Leonardo Giardin de Souza
Promotor de Justiça e escritor
Publicado em Opinião & Crítica
11 Abril 2020
Num quadro crescente de anarquia aparente, caos, fragmentação e obscuridade agravado por uma providencial pandemia, uma pergunta desvela o anseio pela restauração da unidade perdida: quem, a essas alturas, nos governa?
Dizem que o poder é doce, e quem quer que o experimente incorre no risco de um deleitoso quadro de diabete emocional. Há quem jure que a coisa causa dependência de tal monta que maconha, crack, cocaína e até o famigerado glúten, comparados a ela, ficam reduzidos a resfriadinhos aos pés da peste negra. Em tempos de pandemia, medo e isolamento, parece que a bravata nietszcheana da proclamação da morte de Deus assume ares de fato consumado.
Não é mais a verdade que liberta, não é mais a mentira que escraviza. As questões de liberdade e servidão, verdade e falsidade, conhecimento e ignorância, dependem agora do aparato político-burocrático – uma recomendação da OMS, uma palavra do ministro, um decreto do governador, uma rebelião do prefeito, um pronunciamento presidencial ou uma insurreição do barbeiro. Toda a população aguarda algum sinal dessas sumidades como se esperasse a segunda vinda do Messias.
Burocracia e política tornam-se depositários da esperança do advento de uma reconfortante sensação (ou impressão) da reafirmação da segurança perdida, descida dos céus dos organismos globais. É a fé em um poder terreno superior que o reles mortal supõe enxergar de modo um pouco mais nítido que o “inimigo invisível” que lhe serve de escada e agiganta.

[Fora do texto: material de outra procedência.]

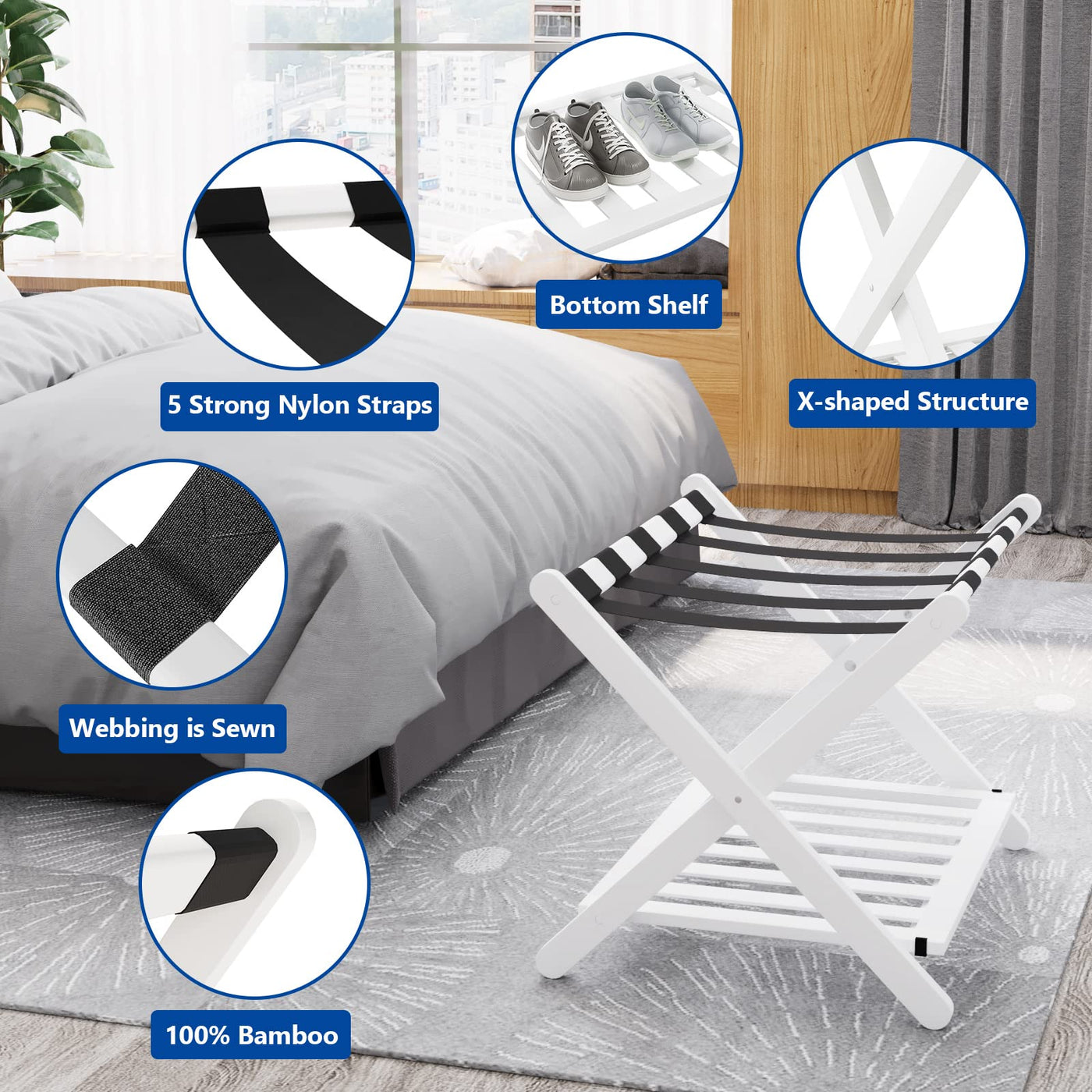 Smuxee Fully Assembled White Luggage Rack, Upgraded Bamboo Foldable Suitcase Stand With 5 Nylon Straps, Luggage Holder With Shel

Já ficou dito acima: o poder é doce. A propósito, aprendi com o professor Maurício Marques Canto Junior[1] que essa ambrosia – que empanturra homens que brincam de deuses e convertem seus palácios no próprio Olimpo – possui três variantes, cada qual com a função de defender o ser humano das três ameaças fundamentais: o poder de império (poder de destruir, a força física concretizada nas forças armadas como modalidade ativa e na Justiça como modalidade passiva, que nos defende da ameaça fundamental da violência); o poder de dieta (o poder de produzir, de natureza econômica, ativamente exercido pelos capitalistas e passivamente pelos assalariados, que nos defende da ameaça fundamental da fome); e o poder de igreja (o poder de conduzir, espiritual e intelectual, psicologicamente exercido ativamente através dos meios de difusão cultural – mídia inclusa – e passivamente pela força da tradição, que nos defende da ameaça fundamental do erro).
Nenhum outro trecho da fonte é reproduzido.